D Corresponding author. Email: karen.daws@svhm.org.au
Australian Health Review 38(5) 552-556 https://doi.org/10.1071/AH13211
Submitted: 1 November 2013 Accepted: 25 July 2014 Published: 9 September 2014
Journal Compilation © AHHA 2014
Abstract
Acute coronary syndrome (ACS) contributes to the disparity in life expectancy between Aboriginal and non-Aboriginal Australians. Improving hospital care for Aboriginal patients has been identified as a means of addressing this disparity. This project developed and implemented a working together model of care, comprising an Aboriginal Hospital Liaison Officer and a specialist cardiac nurse, providing care coordination specifically directed at improving attendance at cardiac rehabilitation services for Aboriginal Australians in a large metropolitan hospital in Melbourne. A quality improvement framework using a retrospective case notes audit evaluated Aboriginal patients’ admissions to hospital and identified low attendance rates at cardiac rehabilitation services. A working together model of care coordination by an Aboriginal Hospital Liaison Officer and a specialist cardiac nurse was implemented to improve cardiac rehabilitation attendance in Aboriginal patients admitted with ACS to the cardiac wards of the hospital. A retrospective medical records audit showed that there were 68 Aboriginal patients admitted to the cardiac wards with ACS from 1 July 2008 to 30 June 2011. A referral to cardiac rehabilitation was recorded for 42% of these. During the implementation of the model of care, 13 of 15 patients (86%) received a referral to cardiac rehabilitation and eight of the 13 (62%) attended. Implementation of the working together model demonstrated improved referral to and attendance at cardiac rehabilitation services, thereby, has potential to prevent complications and mortality.

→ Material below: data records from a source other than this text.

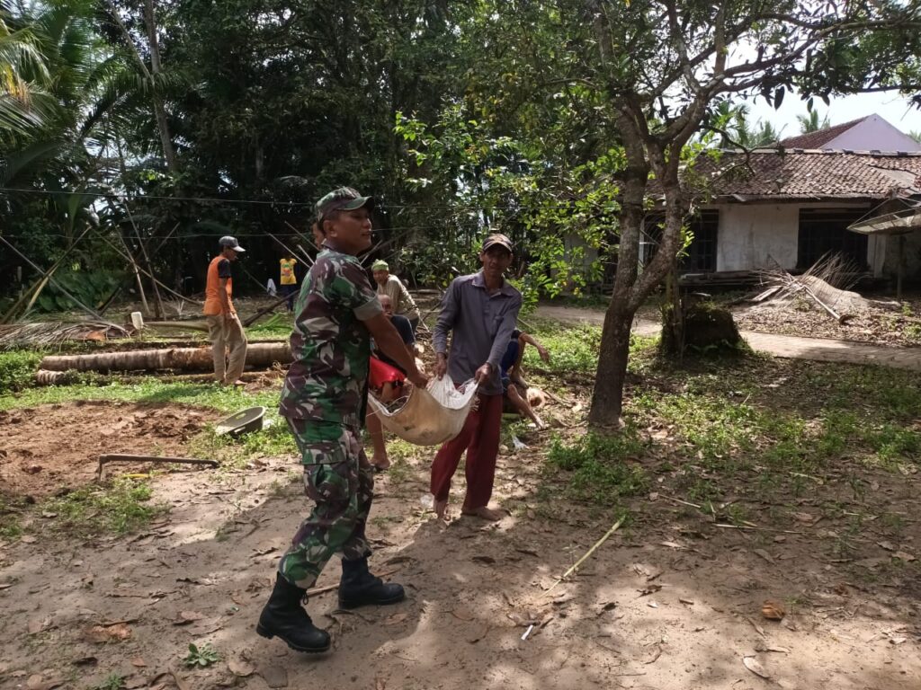 Anggota Koramil 0111/Pagelaran Serda Widagyo melaksanakan kegiatan kerja bakti membantu warga membangun Pos Kamling atau balai ruang warga di Kampung Sawah, Desa Pagelaran, Kecamatan Pagelaran, Kabupaten Pandeglang, Banten, pada Jum’at (02/12/22).
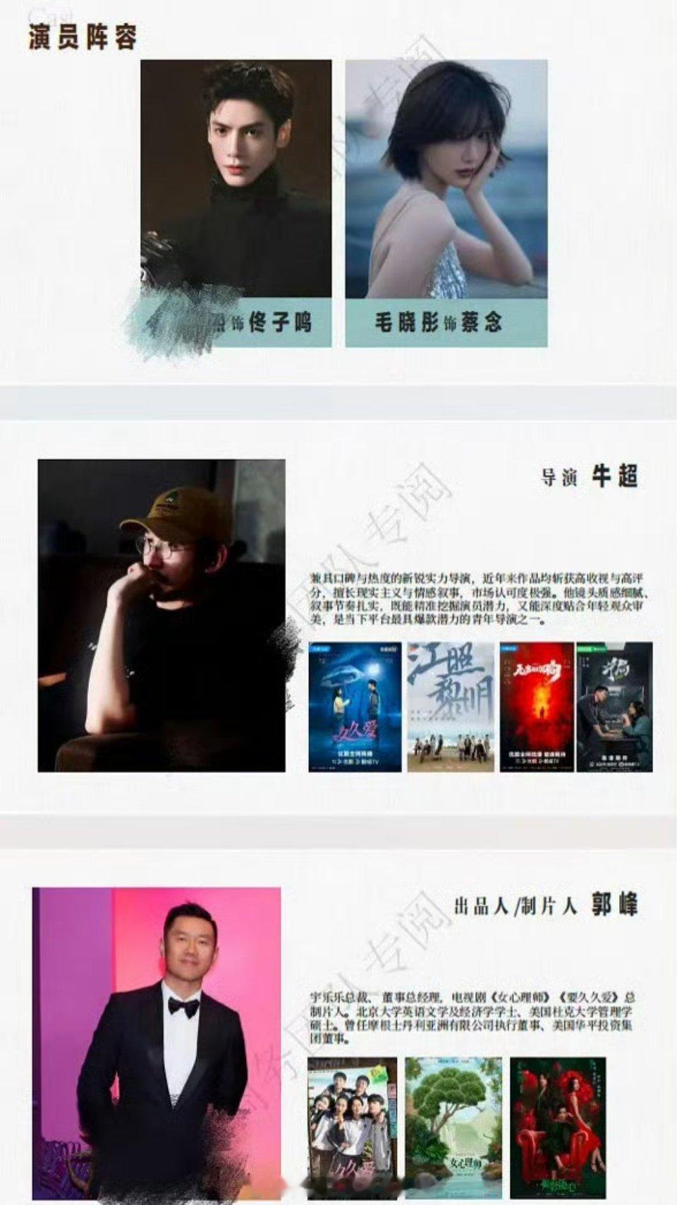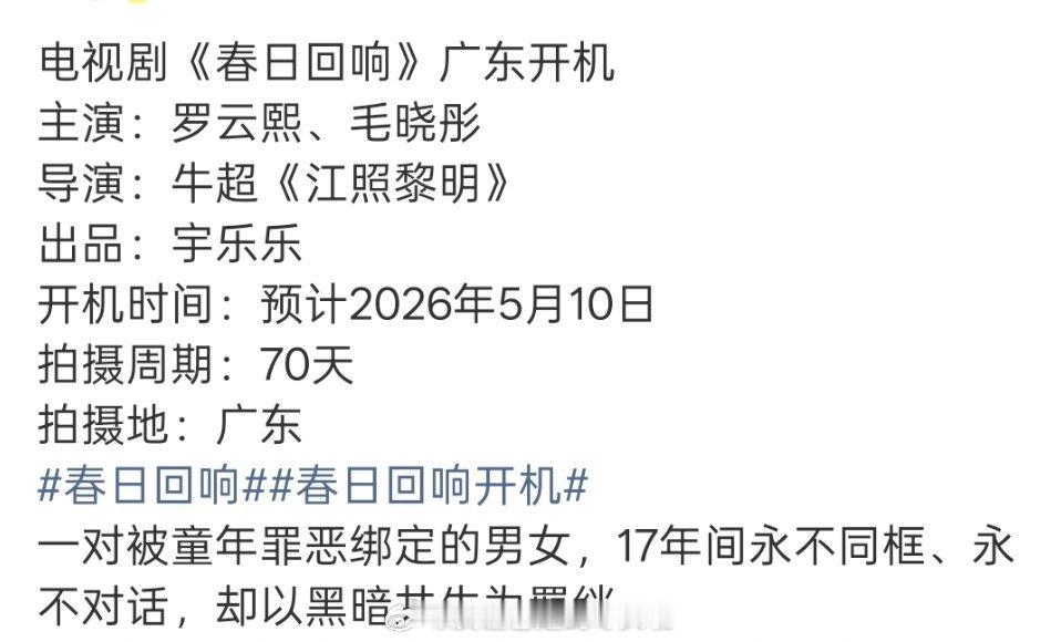 🍉🐧悬疑犯罪剧《春日回响》罗云熙,毛晓彤,五月开机故事简介好像白夜行,一对童年被罪恶绑定的男女,17年永不同框永不对话,互为羁绊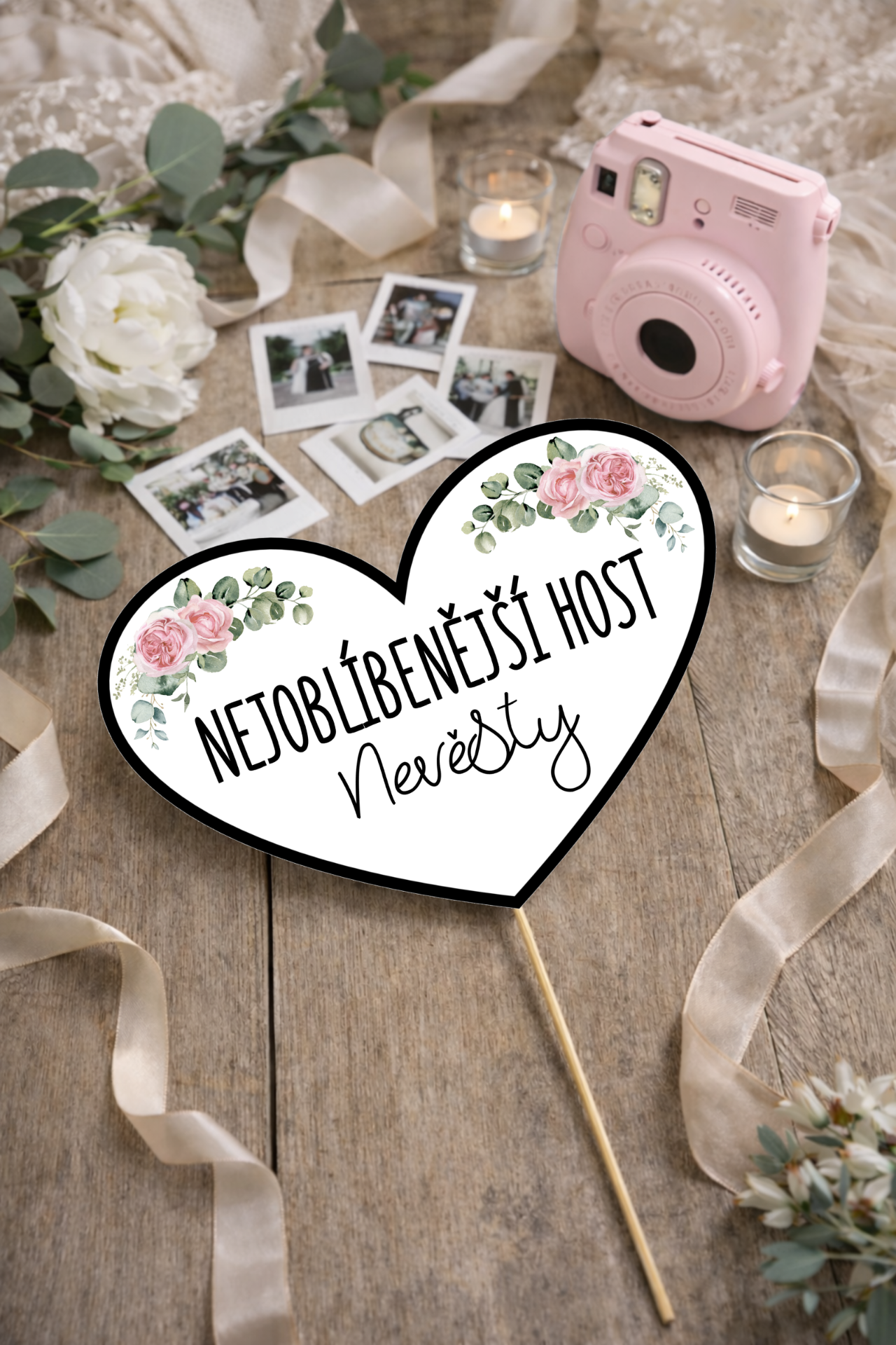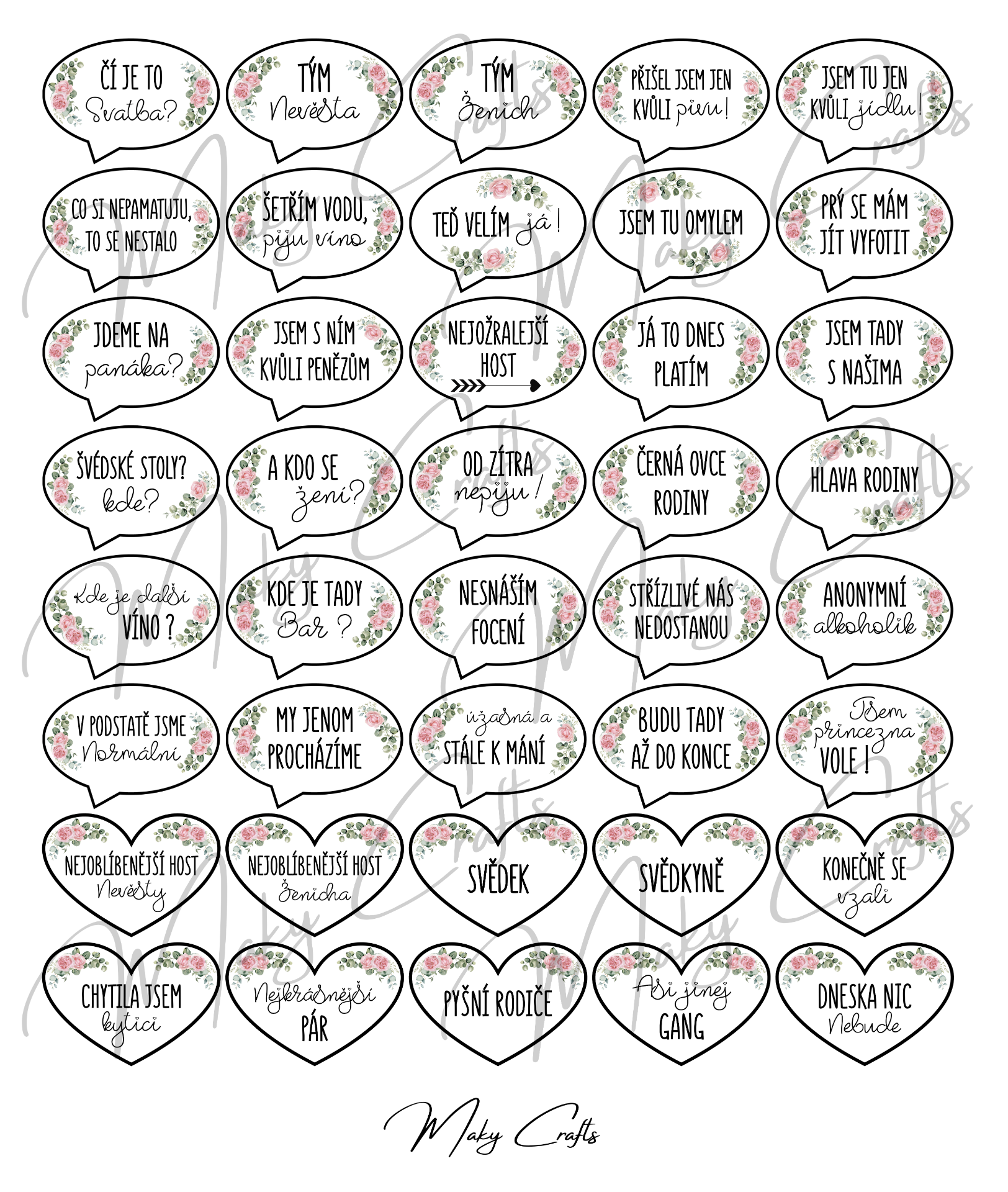 Oživte svůj svatební fotokoutek stylovými rekvizitami s jemným růžovým motivem. Elegantní tvary bublin a srdcí doplňuje mix vtipných a romantických hlášek, které zaručeně pobaví hosty a dodají fotografiím jedinečnou atmosféru.

What is known about the topic? Aboriginal Australians experience disparities in access to recommended care for acute coronary syndrome. This may contribute to the life expectancy gap between Aboriginal and non-Aboriginal Australians.
What does this paper add? This paper describes a model of care involving an Aboriginal Hospital Liaisons Officer and a specialist cardiac nurse working together to improve hospital care and attendance at cardiac rehabilitation services for Aboriginal Australians with acute coronary syndrome.
What are the implications for practitioners? The working together model of care could be implemented across mainstream health services where Aboriginal people attend for specialist care.